[Dataset entries]

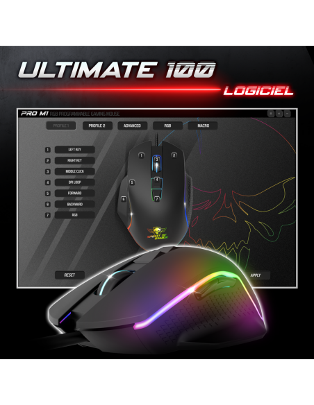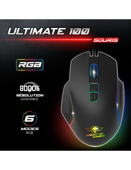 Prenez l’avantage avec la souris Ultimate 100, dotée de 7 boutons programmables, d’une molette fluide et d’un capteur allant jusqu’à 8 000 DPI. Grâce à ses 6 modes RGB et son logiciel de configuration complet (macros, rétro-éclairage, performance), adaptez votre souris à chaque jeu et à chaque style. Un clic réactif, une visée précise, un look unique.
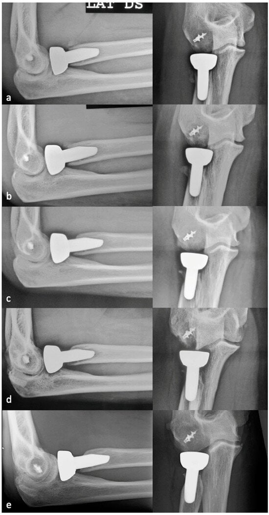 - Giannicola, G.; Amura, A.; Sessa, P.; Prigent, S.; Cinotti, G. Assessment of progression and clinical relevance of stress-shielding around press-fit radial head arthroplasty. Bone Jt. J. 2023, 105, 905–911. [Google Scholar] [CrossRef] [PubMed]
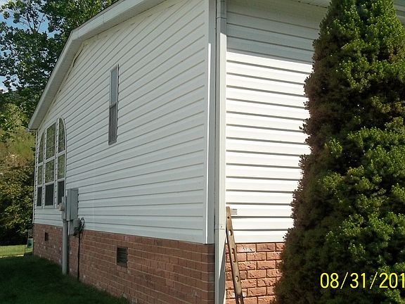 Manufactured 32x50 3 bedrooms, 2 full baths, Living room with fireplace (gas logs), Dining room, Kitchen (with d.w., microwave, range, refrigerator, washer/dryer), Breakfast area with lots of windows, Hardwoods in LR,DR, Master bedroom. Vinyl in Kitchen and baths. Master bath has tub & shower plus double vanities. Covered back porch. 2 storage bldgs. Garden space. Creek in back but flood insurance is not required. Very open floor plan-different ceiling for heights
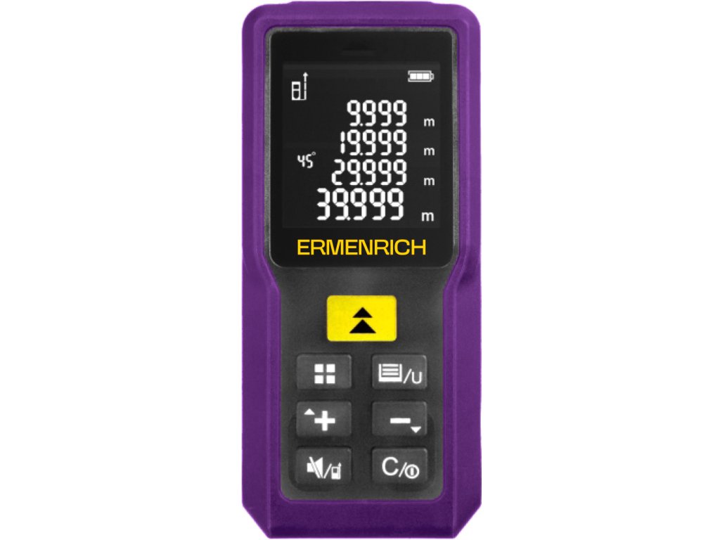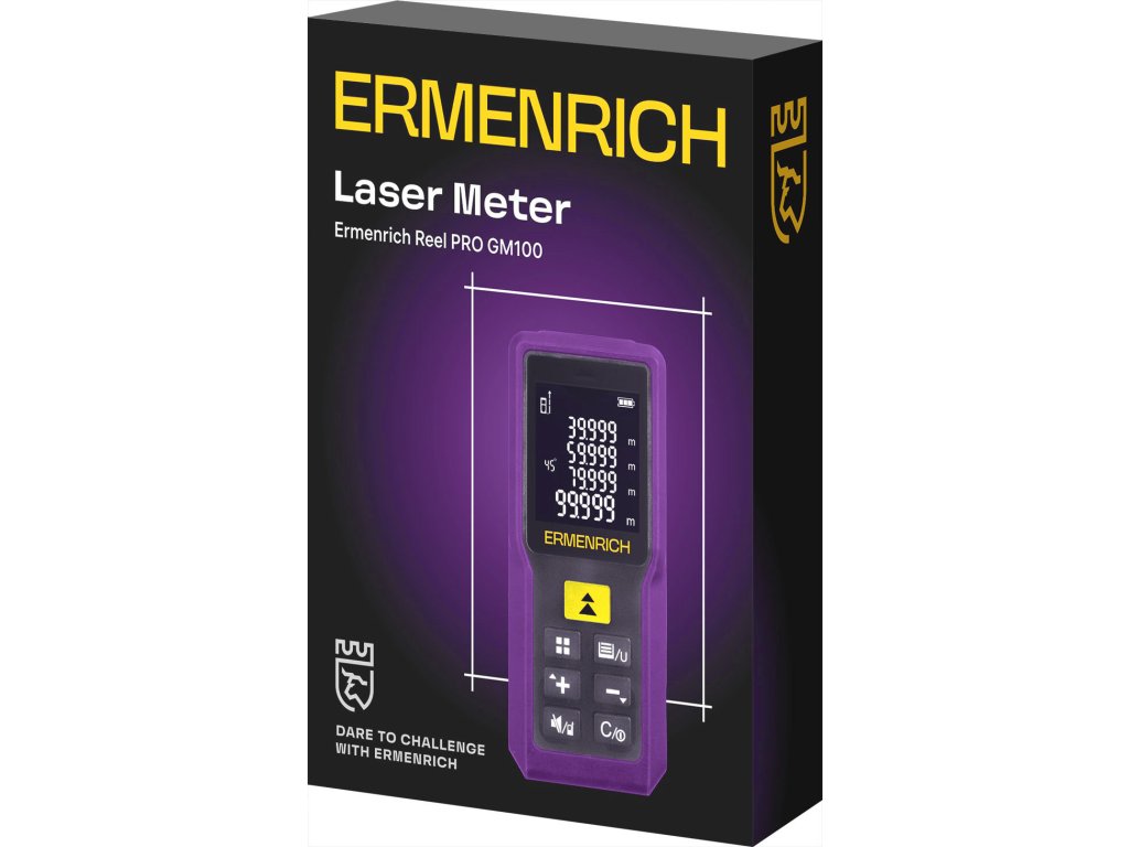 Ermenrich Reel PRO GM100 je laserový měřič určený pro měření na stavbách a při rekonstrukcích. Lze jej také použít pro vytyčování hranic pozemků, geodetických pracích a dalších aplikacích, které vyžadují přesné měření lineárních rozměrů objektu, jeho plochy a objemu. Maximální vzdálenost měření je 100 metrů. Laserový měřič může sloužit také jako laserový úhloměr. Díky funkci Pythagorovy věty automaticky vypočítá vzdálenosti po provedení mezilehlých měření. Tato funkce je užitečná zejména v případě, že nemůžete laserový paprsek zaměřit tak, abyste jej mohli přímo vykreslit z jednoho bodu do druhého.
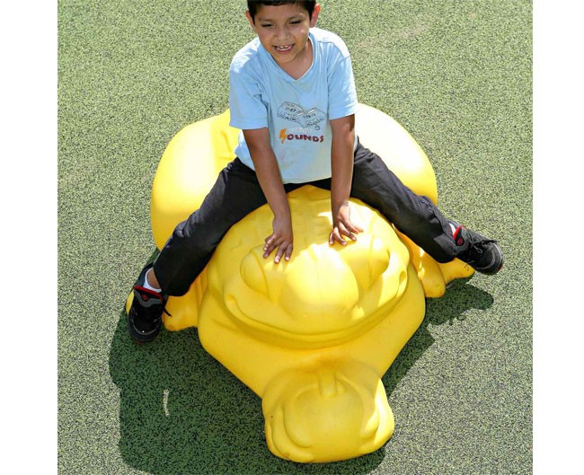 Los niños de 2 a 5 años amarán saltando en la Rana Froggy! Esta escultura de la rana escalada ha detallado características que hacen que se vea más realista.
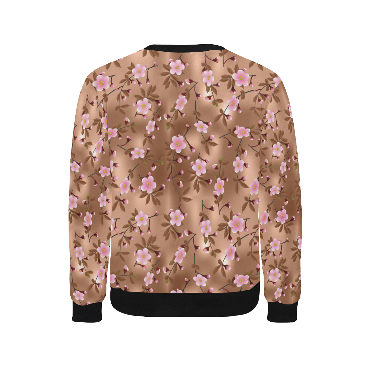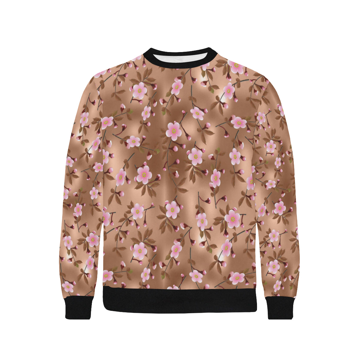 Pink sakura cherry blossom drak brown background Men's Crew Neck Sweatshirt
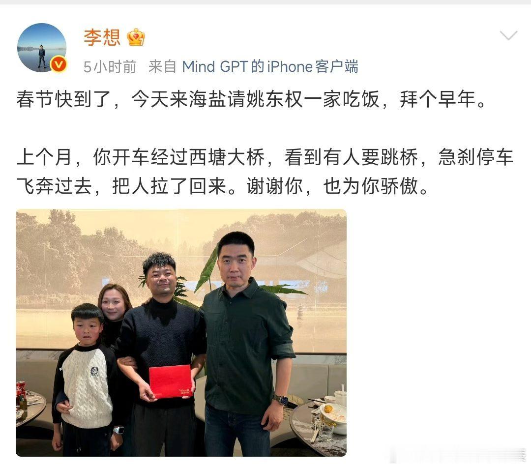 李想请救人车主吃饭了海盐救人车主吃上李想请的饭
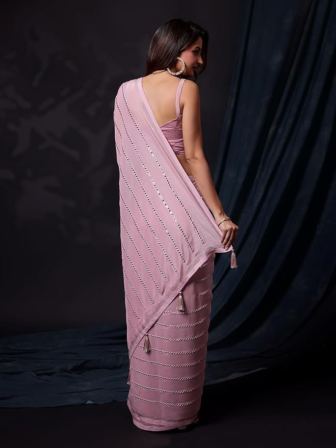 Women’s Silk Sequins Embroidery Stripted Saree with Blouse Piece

[/Dataset entries]
[Dataset entries]

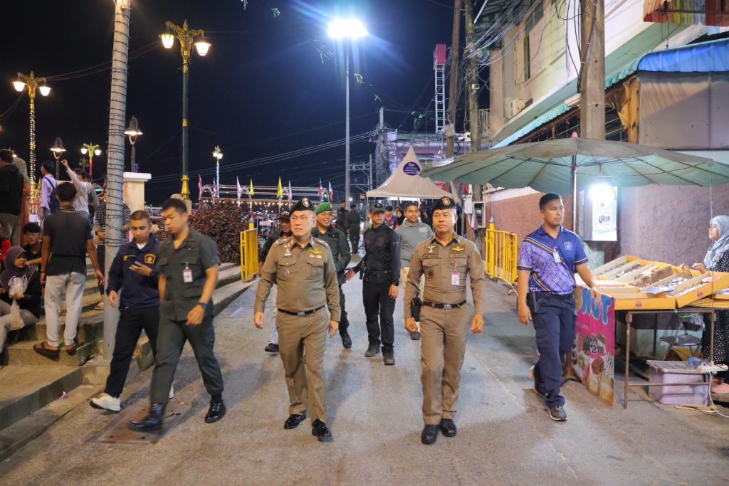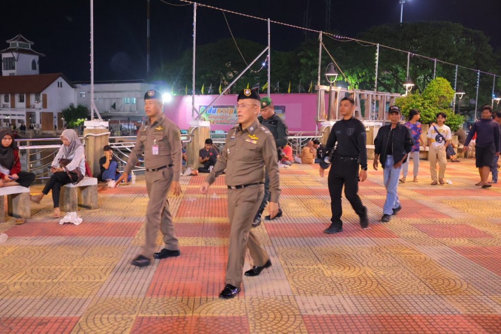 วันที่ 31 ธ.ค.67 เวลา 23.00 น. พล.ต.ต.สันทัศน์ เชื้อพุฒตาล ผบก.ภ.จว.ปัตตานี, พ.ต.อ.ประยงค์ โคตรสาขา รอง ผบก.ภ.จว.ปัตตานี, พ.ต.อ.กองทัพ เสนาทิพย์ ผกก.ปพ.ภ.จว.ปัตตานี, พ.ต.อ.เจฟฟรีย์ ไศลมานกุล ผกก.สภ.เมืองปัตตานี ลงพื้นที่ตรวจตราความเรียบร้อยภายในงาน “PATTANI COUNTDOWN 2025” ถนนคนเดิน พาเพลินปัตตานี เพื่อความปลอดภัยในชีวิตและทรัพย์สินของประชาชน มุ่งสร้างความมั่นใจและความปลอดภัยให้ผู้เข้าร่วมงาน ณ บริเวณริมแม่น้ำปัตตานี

[/Dataset entries]
[Dataset entries]

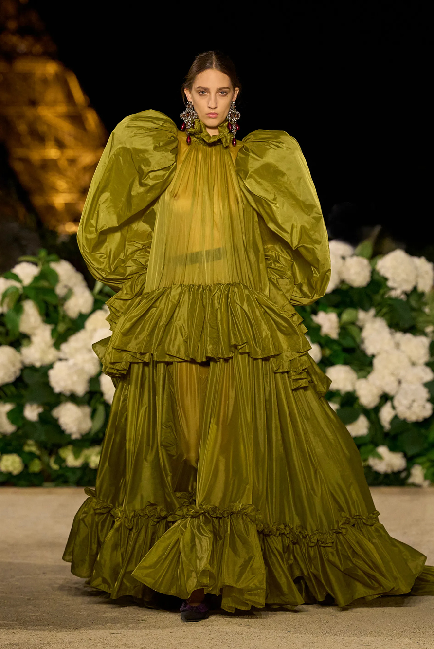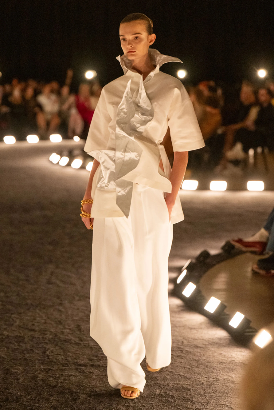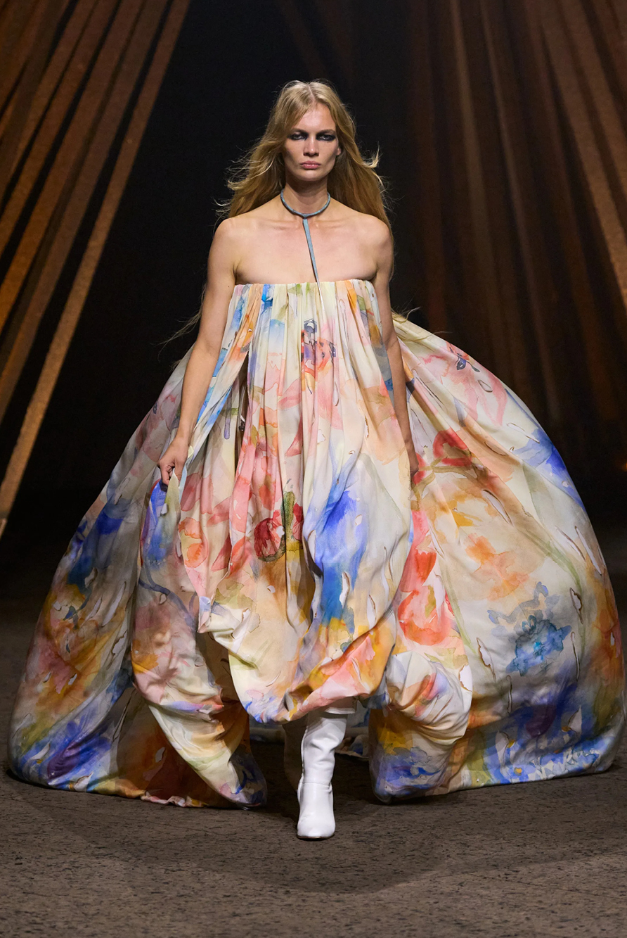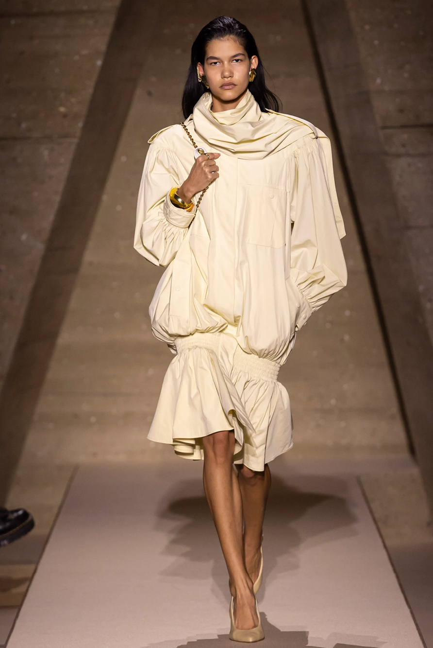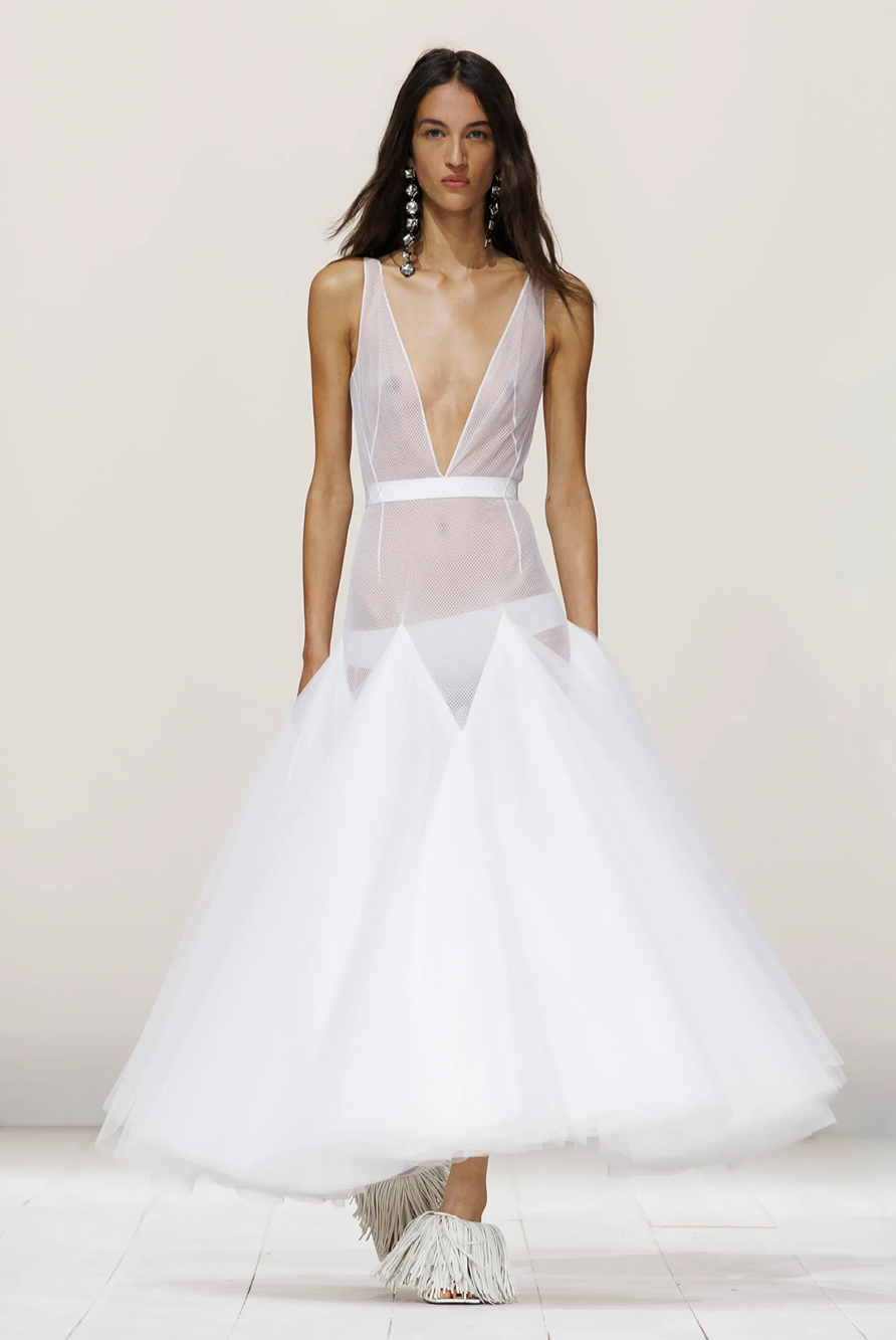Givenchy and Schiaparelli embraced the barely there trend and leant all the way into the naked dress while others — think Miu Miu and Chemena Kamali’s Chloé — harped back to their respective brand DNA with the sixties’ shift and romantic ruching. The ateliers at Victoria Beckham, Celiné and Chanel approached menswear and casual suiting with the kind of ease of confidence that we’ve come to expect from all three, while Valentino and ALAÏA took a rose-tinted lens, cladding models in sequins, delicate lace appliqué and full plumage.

[/Dataset entries]

* [Work required] Set down exactly the lines above, from the line containing "Prenez l’avantage avec" through the line containing "- Giannicola, G.;". Skip the pictures.

* [Exercise output]
 Prenez l’avantage avec la souris Ultimate 100, dotée de 7 boutons programmables, d’une molette fluide et d’un capteur allant jusqu’à 8 000 DPI. Grâce à ses 6 modes RGB et son logiciel de configuration complet (macros, rétro-éclairage, performance), adaptez votre souris à chaque jeu et à chaque style. Un clic réactif, une visée précise, un look unique.
 - Giannicola, G.; Amura, A.; Sessa, P.; Prigent, S.; Cinotti, G. Assessment of progression and clinical relevance of stress-shielding around press-fit radial head arthroplasty. Bone Jt. J. 2023, 105, 905–911. [Google Scholar] [CrossRef] [PubMed]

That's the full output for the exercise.